Return, exactly and in full, the lines of the records below starting at the one with "5) 구글스토어에서 (최신버전) 듀오링고를 다시 설치합니다." and ending at the one with "A detailed image", and no other lines.

* **Information**:
-- -- --

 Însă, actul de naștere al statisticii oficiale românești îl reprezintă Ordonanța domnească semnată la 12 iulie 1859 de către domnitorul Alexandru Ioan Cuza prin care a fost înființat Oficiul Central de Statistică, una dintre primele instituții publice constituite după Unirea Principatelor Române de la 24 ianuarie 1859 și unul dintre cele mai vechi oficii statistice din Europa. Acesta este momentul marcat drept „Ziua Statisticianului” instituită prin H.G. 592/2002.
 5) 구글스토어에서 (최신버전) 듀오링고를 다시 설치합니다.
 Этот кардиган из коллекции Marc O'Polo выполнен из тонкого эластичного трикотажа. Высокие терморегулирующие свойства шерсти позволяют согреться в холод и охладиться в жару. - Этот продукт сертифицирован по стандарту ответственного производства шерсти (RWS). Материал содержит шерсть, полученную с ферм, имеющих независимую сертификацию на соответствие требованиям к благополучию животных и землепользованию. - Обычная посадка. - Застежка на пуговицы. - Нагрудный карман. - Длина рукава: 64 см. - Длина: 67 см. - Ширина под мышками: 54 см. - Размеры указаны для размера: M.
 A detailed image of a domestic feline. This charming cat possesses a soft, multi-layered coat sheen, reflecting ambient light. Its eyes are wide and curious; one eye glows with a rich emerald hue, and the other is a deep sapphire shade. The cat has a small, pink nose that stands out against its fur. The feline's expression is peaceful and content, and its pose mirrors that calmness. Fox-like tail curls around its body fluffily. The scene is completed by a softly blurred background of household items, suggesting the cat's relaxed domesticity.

-- -- --

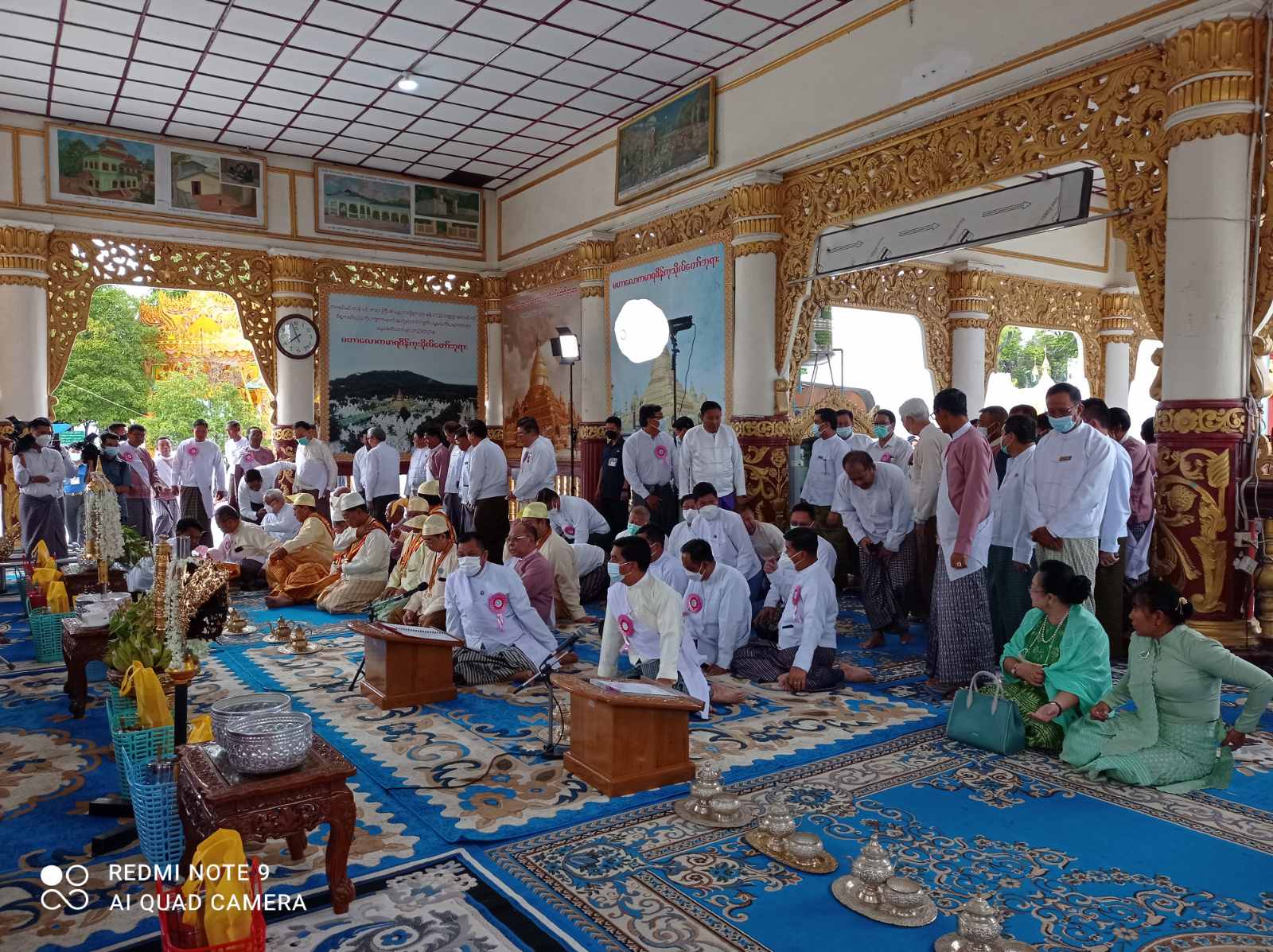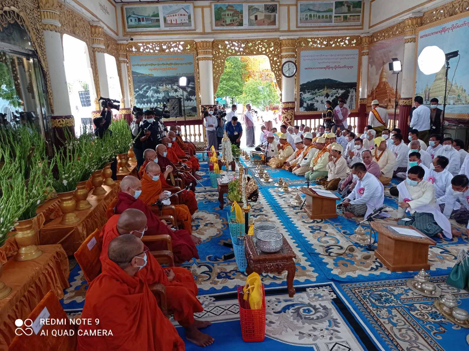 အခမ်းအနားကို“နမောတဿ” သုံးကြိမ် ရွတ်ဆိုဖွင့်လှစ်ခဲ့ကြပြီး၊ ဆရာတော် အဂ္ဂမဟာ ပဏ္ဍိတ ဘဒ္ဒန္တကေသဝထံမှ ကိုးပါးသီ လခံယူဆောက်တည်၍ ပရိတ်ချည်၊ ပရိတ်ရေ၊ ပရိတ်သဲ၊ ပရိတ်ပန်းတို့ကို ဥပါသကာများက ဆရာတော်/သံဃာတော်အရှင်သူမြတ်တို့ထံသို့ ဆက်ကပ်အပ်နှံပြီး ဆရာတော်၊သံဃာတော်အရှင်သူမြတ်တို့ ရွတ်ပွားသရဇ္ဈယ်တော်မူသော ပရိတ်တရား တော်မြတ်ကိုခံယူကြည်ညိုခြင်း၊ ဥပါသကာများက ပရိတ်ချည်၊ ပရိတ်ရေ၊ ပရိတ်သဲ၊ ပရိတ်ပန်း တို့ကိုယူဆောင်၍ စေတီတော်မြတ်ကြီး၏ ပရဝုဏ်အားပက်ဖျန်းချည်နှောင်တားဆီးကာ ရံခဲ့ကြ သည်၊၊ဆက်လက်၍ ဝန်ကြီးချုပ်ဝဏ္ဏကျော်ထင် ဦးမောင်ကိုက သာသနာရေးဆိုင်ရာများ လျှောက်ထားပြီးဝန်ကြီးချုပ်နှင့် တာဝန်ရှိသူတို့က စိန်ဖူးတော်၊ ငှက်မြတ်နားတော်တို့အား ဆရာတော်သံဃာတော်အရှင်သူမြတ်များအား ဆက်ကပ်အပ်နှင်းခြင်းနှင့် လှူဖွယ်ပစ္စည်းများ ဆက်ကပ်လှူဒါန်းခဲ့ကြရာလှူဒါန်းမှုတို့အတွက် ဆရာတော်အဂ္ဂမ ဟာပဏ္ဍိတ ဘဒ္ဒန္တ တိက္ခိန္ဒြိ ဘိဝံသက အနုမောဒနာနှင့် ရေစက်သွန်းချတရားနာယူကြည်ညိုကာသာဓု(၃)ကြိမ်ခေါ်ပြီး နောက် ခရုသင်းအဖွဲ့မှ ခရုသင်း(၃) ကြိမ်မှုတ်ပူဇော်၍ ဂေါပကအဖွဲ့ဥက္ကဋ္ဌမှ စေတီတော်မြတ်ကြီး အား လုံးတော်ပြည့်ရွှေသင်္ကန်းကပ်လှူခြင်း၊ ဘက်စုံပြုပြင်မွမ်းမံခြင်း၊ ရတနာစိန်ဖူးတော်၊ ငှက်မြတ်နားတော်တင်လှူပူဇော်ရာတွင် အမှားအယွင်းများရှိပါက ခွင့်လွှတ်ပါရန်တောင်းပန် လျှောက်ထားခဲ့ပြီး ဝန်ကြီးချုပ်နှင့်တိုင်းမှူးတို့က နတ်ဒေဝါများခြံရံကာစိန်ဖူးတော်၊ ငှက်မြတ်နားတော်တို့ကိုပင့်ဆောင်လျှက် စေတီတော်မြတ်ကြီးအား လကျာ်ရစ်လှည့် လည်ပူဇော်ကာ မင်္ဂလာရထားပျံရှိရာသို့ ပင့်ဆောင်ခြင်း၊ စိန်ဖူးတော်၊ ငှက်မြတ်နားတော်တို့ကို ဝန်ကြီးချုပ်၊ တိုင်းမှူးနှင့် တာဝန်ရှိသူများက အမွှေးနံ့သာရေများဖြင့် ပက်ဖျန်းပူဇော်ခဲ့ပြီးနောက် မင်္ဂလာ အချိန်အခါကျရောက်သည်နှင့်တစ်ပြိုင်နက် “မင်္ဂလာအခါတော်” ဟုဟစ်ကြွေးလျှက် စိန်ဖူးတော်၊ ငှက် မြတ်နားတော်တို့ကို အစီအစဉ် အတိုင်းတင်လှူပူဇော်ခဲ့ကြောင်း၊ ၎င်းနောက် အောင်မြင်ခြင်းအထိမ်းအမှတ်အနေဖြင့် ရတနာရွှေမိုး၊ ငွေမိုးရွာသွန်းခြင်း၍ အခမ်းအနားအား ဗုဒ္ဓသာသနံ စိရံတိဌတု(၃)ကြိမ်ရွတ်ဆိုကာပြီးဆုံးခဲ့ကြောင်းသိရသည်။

-- -- --

* **Response to this exercise**:
 5) 구글스토어에서 (최신버전) 듀오링고를 다시 설치합니다.
 Этот кардиган из коллекции Marc O'Polo выполнен из тонкого эластичного трикотажа. Высокие терморегулирующие свойства шерсти позволяют согреться в холод и охладиться в жару. - Этот продукт сертифицирован по стандарту ответственного производства шерсти (RWS). Материал содержит шерсть, полученную с ферм, имеющих независимую сертификацию на соответствие требованиям к благополучию животных и землепользованию. - Обычная посадка. - Застежка на пуговицы. - Нагрудный карман. - Длина рукава: 64 см. - Длина: 67 см. - Ширина под мышками: 54 см. - Размеры указаны для размера: M.
 A detailed image of a domestic feline. This charming cat possesses a soft, multi-layered coat sheen, reflecting ambient light. Its eyes are wide and curious; one eye glows with a rich emerald hue, and the other is a deep sapphire shade. The cat has a small, pink nose that stands out against its fur. The feline's expression is peaceful and content, and its pose mirrors that calmness. Fox-like tail curls around its body fluffily. The scene is completed by a softly blurred background of household items, suggesting the cat's relaxed domesticity.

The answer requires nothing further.